Gribouillis 1,391 Programming Explorer Team Colleague

I think the problem is that you misspelled the def receive , so that you defined a recieve function.

Gribouillis 1,391 Programming Explorer Team Colleague

Well, 1) list is the name of a standard type in python (the type of list objects). A type is just a particular kind of object. 2) Since list is a standard name, it should be avoided as the name of a variable (it's not an error, but it's a bad idea), so the list that you're using in your function should be given another name, like plist . 3) Assuming you do this, the variable plist is local to the function's body. It doesn't exist in the global namespace. Note that your function doesn't return any value, so a good idea would be to add an instruction return plist at the end of the body. 4) Assuming you do this, you can then write plist = prime_target(target) at global level, and this defines a global variable plist (which could be given another name). You can then compute sum(plist) !

Gribouillis 1,391 Programming Explorer Team Colleague

Perhaps you should check this link http://drj11.wordpress.com/2007/05/14/python-how-is-sysstdoutencoding-chosen/ and change the environment variable LC_CTYPE (you should also check if you can change it in your program, using os.environ ). I can't test your problem here, because I'm having a french configuration, so the é prints well. By the way, if this is french, there is only one f in "café".

Gribouillis 1,391 Programming Explorer Team Colleague

I posted recently a piece of code where I read the output of a subprocess using a non blocking socket instead of a pipe (linux only, but should work on cygwin). Perhaps you could try this technique http://www.daniweb.com/forums/post777876-19.html. There is also a nice link, which I posted in the same thread, and which could be useful for your problem http://code.activestate.com/recipes/440554/. Hope that helps :)

Gribouillis 1,391 Programming Explorer Team Colleague

May be this will work

try:
  range = xrange
except NameError:
  pass

def filenames():
  for i in range(1, 1001):
    yield "output%d" % (i * 10000)

def average_list():
  result = [0.0] * 101
  cntfiles = 0
  for name in filenames():
    cntfiles += 1
    file_in = open(name)
    for index, line in enumerate(file_in):
      key, value = line.strip().split()
      result[index] += float(value)
  for i in range(len(result)):
    result[i] /= cntfiles
  return result

print average_list()
Gribouillis 1,391 Programming Explorer Team Colleague

Grib, thanks for your help. I am still getting "None" as the output though.

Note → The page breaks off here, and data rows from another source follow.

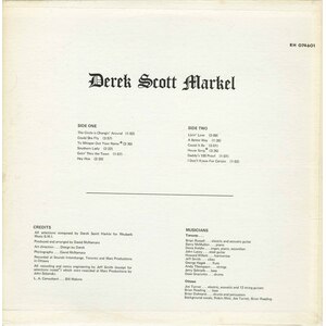 Derek Scott Markel's first album, containing 12 original compositions. The first side is more in the rural singer-song-writer folk composition vein. The second side has a bit more varying styles ranging from the folkish to folk-psych ("House Song") and blues ("I Don't Know for Certain").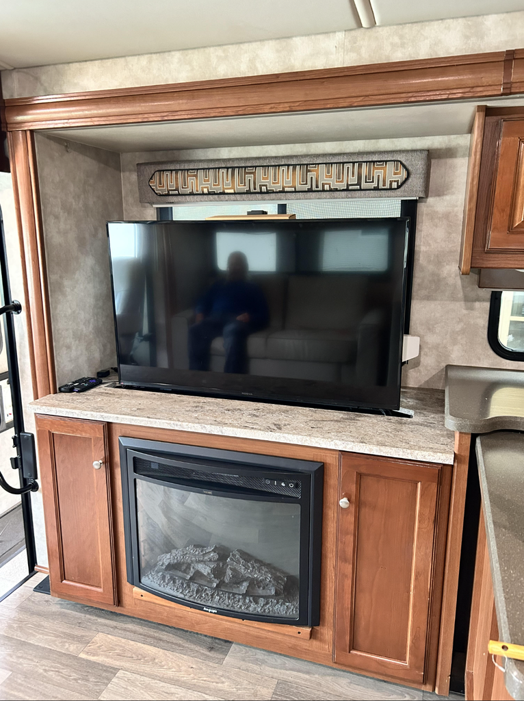 The spacious interior is made possible by three slideouts, including a massive mega slide, creating an open, residential feel thats perfect for extended stays or entertaining on the road. Plush seating, premium finishes, and a warm electric fireplace set the tone for relaxed evenings after a day of adventure.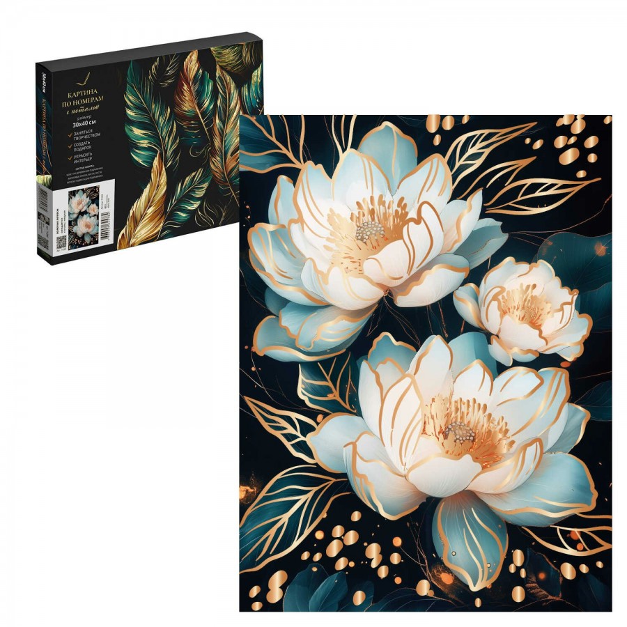 Картина по номерам холст на подрамнике 30х40 Золотые лотосы с поталью на черном холсте, 18 цветов 71299 Феникс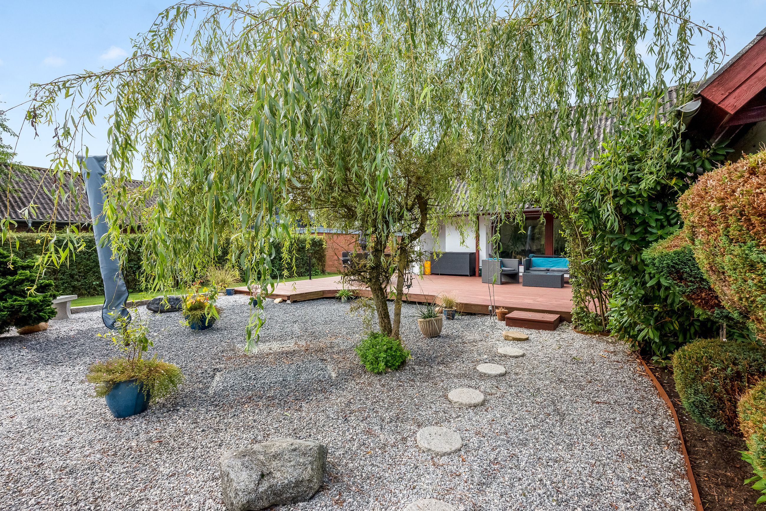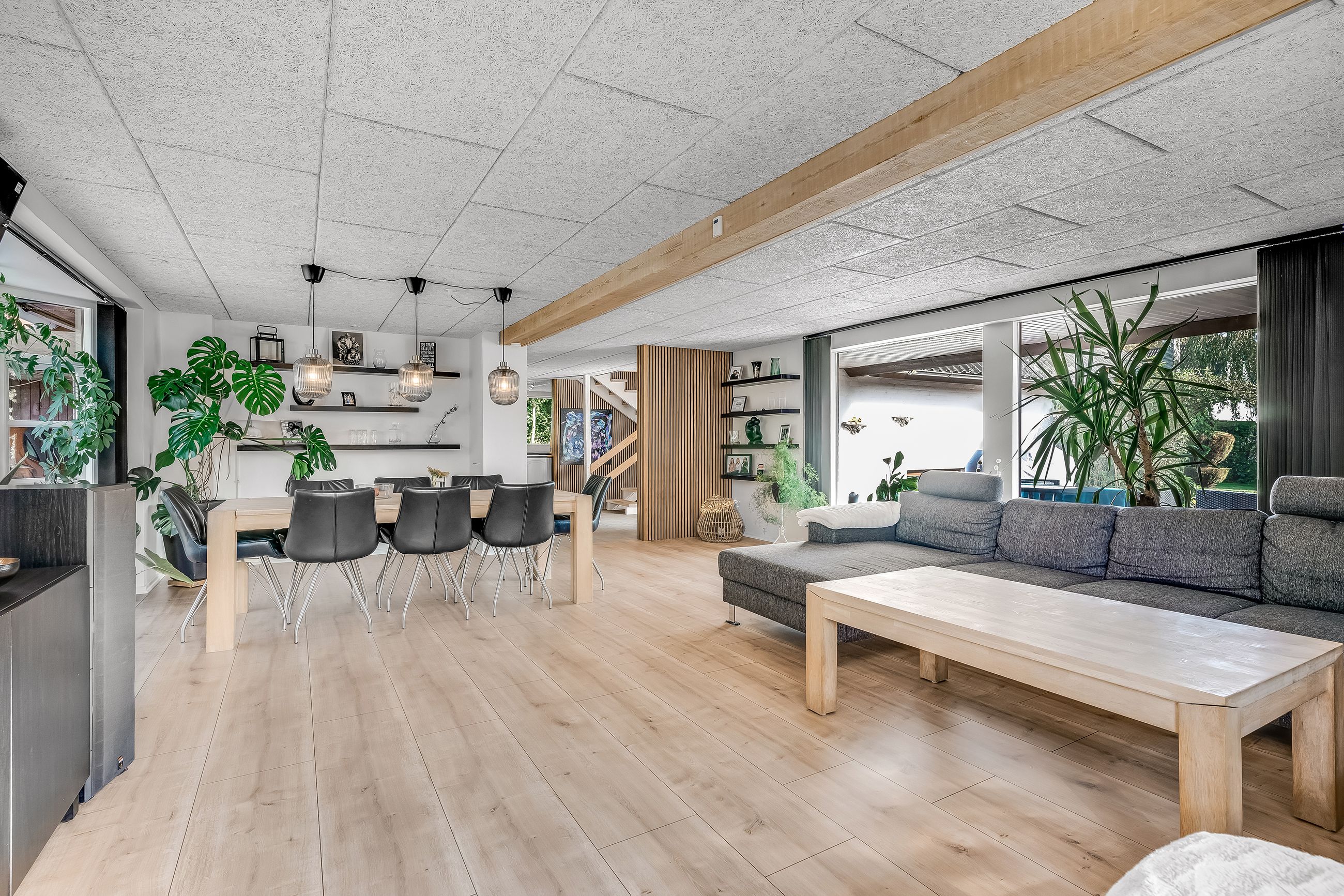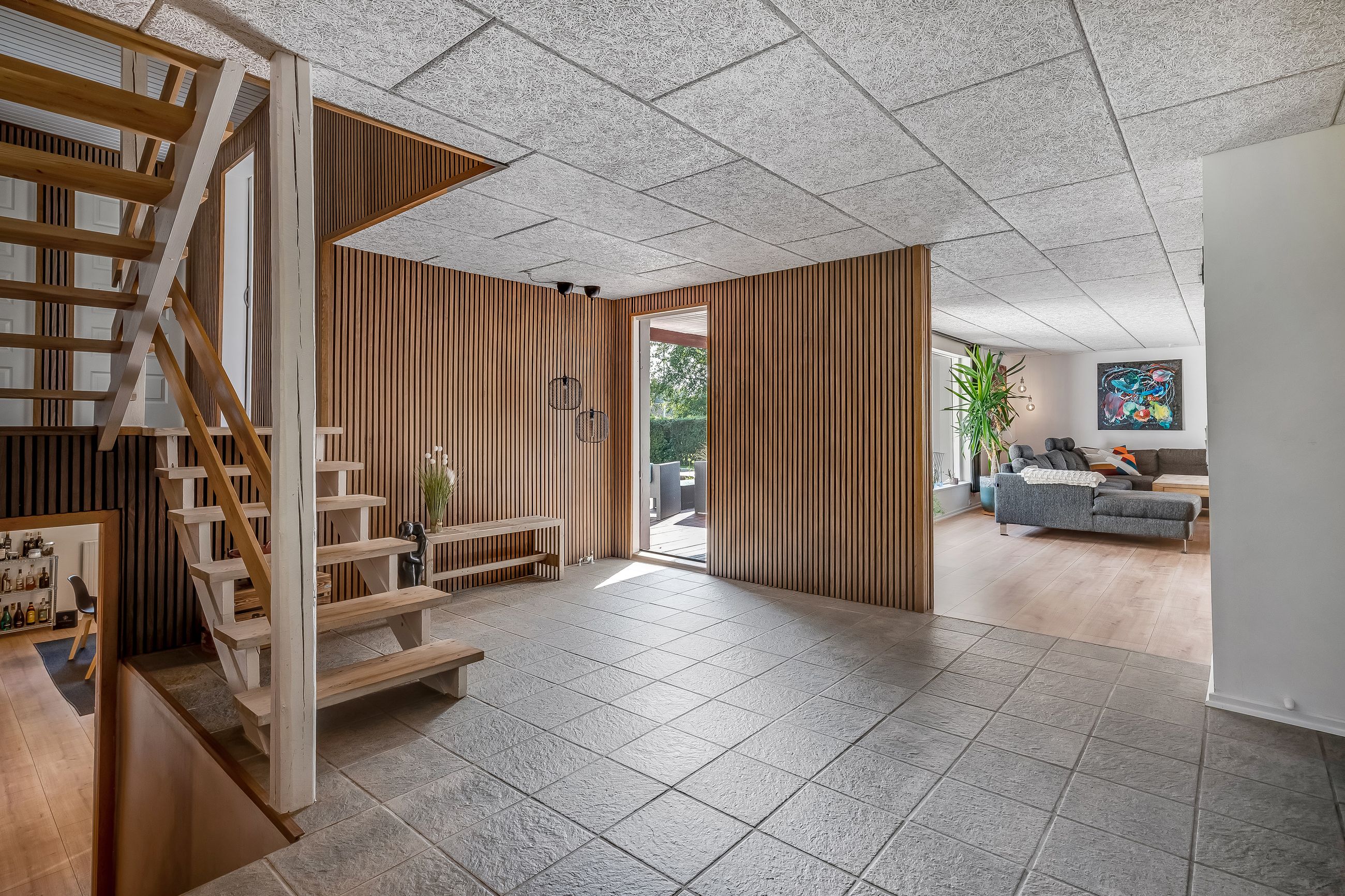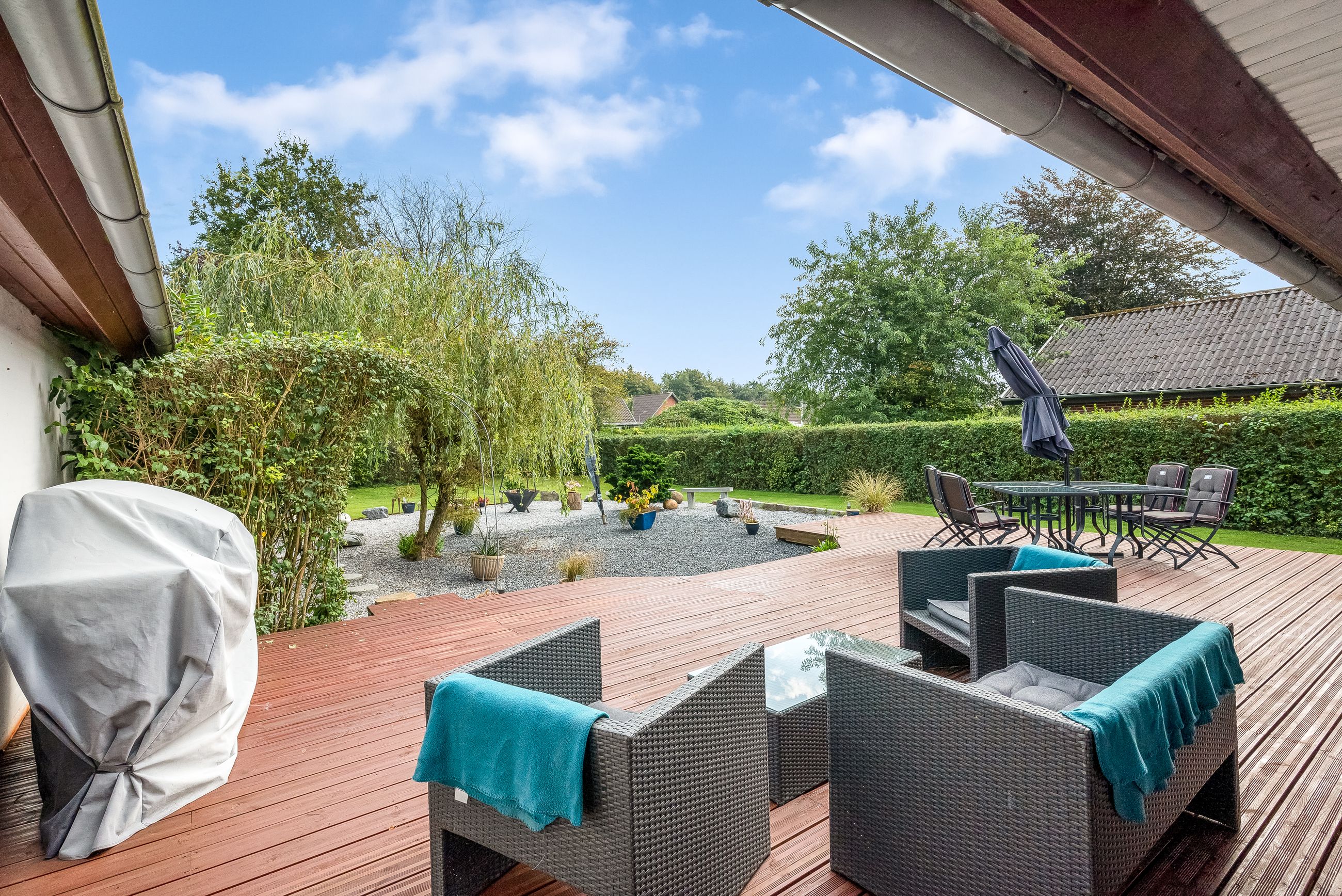 Er I på udkig efter en rummelig og familievenlig bolig i rolige omgivelser? Så er denne villa for enden af en lukket vej i Feldborg stedet for jer! Med 5 værelser, 2 badeværelser og store opholdsrum, er der masser af plads til både privatliv og hyggeligt samvær. Huset er indrettet i finurlige niveauforskelle, som giver en helt særlig rumfornemmelse, når man bevæger sig rundt. Villaen byder i stueplan på et åbent køkken/alrum, der fungerer som husets hjerte med akustikpaneler i valnød og køkkenets praktiske detaljer - som en ovn i ergonomisk højde. I den lyse stue er der en hyggelig karnap og store vinduer, der giver et dejligt lysindfald. Derudover er der 2 toiletter, bryggers og 2 værelser - hvoraf det ene har et tilstødende walk-in-closet. På 1. salen findes yderligere 3 værelser med charmerende skråvægge samt et badeværelse med Aubo-elementer. I kælderen er der 2 disponible rum samt et badeværelse med spabad. Med husets mange værelser og disponible rum er der mange muligheder, hvad end der ønskes hobbyrum, kontor eller noget helt tredje? Huset er i 2021 både blevet hulmursisoleret og fået efterisoleret loft. Ude venter der en pragtfuld grund med en nyere anlagt terrasse med granitskærver fra 2021 og en lækker træterrasse fra 2020. Til huset hører desuden en carport, et skur og et havehus med udendørs pejs. Beliggenheden er ideel med indkøb, skole og sportsfaciliteter inden for få kilometer, og Holstebro, Herning og Ikast kan nås i bil indenfor omtrent en halv time.

Here is the snippet: I have verified that the source is coming through ok.

rating_source = fetchsource(pagelink)
soup = BeautifulSoup(rating_source)
ratingregexp = re.compile(r"^[^/]*/10$")
rating_element = soup.find(ratingregexp)
print rating_element

It worked for me with this

source = fetchsource("http://www.imdb.com/title/tt0071853/")
soup = BeautifulSoup(source)
ratingregexp = re.compile(r"^[^/]*/10$")
rating_element = soup.find("b", text=ratingregexp)
print rating_element

I think the error was in the call to soup.find.